Rock Bottom as a Solid Foundation

J.K. Rowling’s Commencement Address earlier this month at Harvard was wondrous.  I just finished reading it (taking a break from reworking my course outline for The Bible as Literature).  The online edition of Harvard Magazine even has the video (albeit of her rendition to the Harvard Alumni Association and not graduation day in the yahd).  And to think I got stiffed with Al Gore the year I received my M.Div.

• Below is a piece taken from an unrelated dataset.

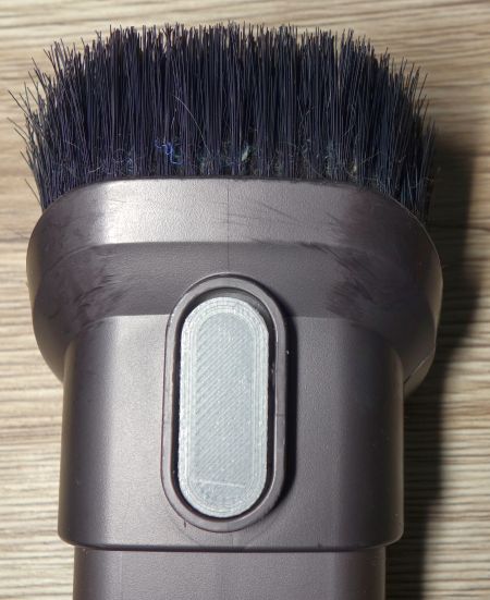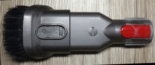 その後、調子よく動いていたのですが、取り換え式のブラシを掃除機の先端に取り付けて、ゴシゴシと力を込めて掃除をしていたら、ブラシのボタンが壊れました。
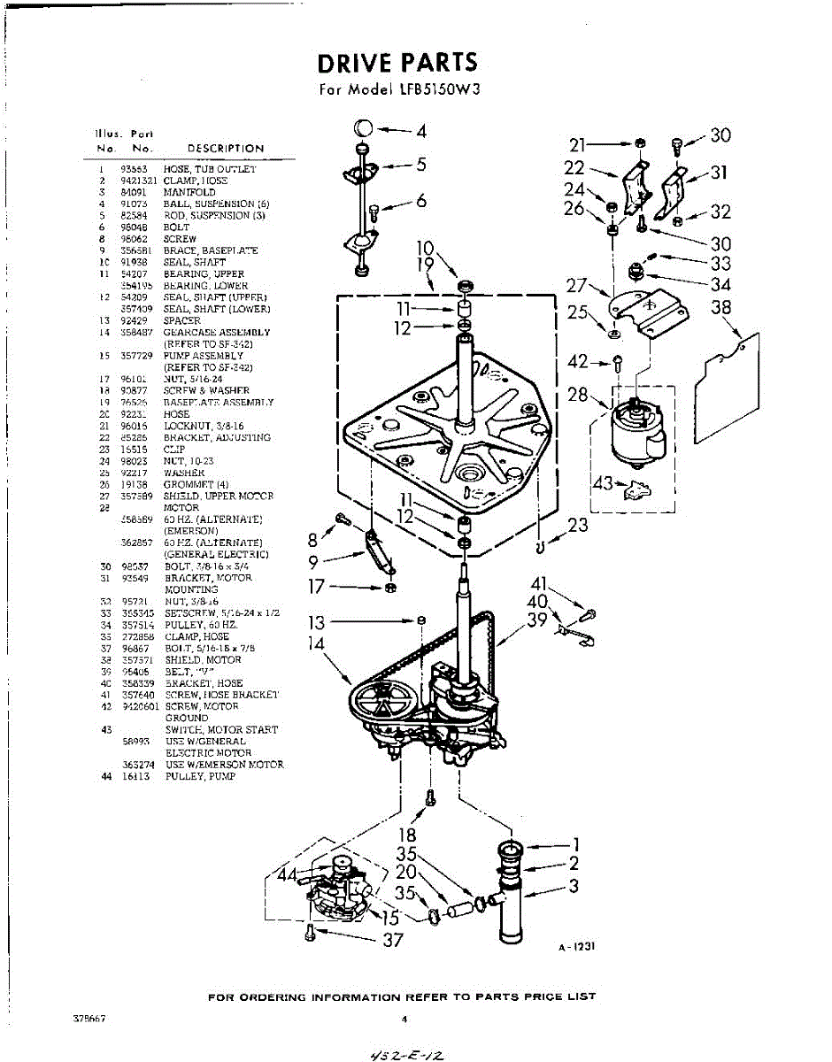 Parts for Whirlpool LFB5150W3: 04 - Drive Parts

Her talk is about failure, that dread bogeyman of American culture.  Being one who has failed miserably in my life, I think she’s right on.  Hey, a guy’s who’s run for state-wide political office and gotten 3% of the vote knows the difference between failing and being a failure.  This is my favorite part

So why do I talk about the benefits of failure? Simply because failure meant a stripping away of the inessential. I stopped pretending to myself that I was anything other than what I was, and began to direct all my energy into finishing the only work that mattered to me. Had I really succeeded at anything else, I might never have found the determination to succeed in the one arena I believed I truly belonged. I was set free, because my greatest fear had already been realised, and I was still alive, and I still had a daughter whom I adored, and I had an old typewriter and a big idea. And so rock bottom became the solid foundation on which I rebuilt my life.

You might never fail on the scale I did, but some failure in life is inevitable. It is impossible to live without failing at something, unless you live so cautiously that you might as well not have lived at all – in which case, you fail by default.